It is well known that three basic types of electrically driven vibrators generally exist. They are the environmental laboratory shaker, the concentric weight driven by a motor, and the electromagnet.
The environmental laboratory type shaker is analogous to a very large high fidelity speaker. The level and frequency of the vibration is determined by a control unit that drives the shaker through a powerful amplifier. Small test samples may be mounted directly to the shaker head. Larger samples are bolted to a slip-plate which in turn is usually supported by an oil bearing mounted on a concrete block. The shaker head is attached to the slip-plate which then drives the slip-plate. This system is capable of a wide range of levels and frequencies. It is expensive to acquire and to operate, and it is bulky. Once installed, it is moved only with great difficulty and expense.
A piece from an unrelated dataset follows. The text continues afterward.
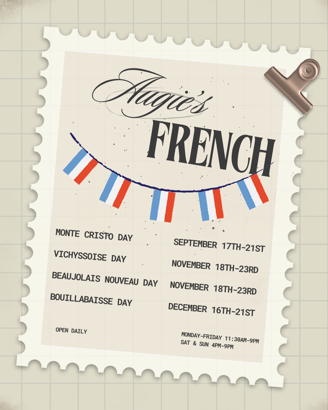 We anticipate many impactful conversations within Augie's French, and we warmly invite you to join us daily: Monday-Friday for lunch, Happy Hour, or dinner, and Saturday-Sunday for dinner service. Enjoy your experience in the main dining room, at the bar, on the mezzanine, or on our charming patio.

The concentric weight vibrator comprises an electric motor with an offset weight or weights mounted to its output shaft. The rotating unbalanced shaft causes the entire motor to vibrate. The device may be mounted to anything having sufficient strength to sustain the weight and vibration and having sufficient room to accommodate its bulk. The frequency of vibration is dependent on the speed of the motor, while the level of vibration is determined by the amount of offset of the weight and the amount of weight, as well as motor speed. This unit has many applications. Larger units are used in industry on polishing, deburring and grinding equipment, and on parts conveyers, while smaller units are used in home massage equipment such as vibrating beds and chairs, as well as foot massagers. In the latter case, any unit using this type of vibrator must be thick enough to accommodate its bulk. Even miniature motors require space that prevents the development of a low profile platform preferably of less than one-half to one inch thick.
The electromagnet type vibrator comprises a coil of wire wound on a core of permeable metal and an armature. When current is applied to the coil a magnetic field is generated. The coil is located in close proximity to a ferrous metal armature that is attracted toward the magnetic field. When the electric current stops, the magnetic field collapses and the metal armature returns to its original position. The level of the vibration is dependent on the amount of current through the coil while the frequency is determined by the on-off cycle of the current. In most applications current is supplied by a 115V a.c. line. A diode is connected in series with the coil, thus providing a pulsating current at 60 hertz. This vibrator is used in many of the same applications as the concentric weight vibrator, and with the same limitations.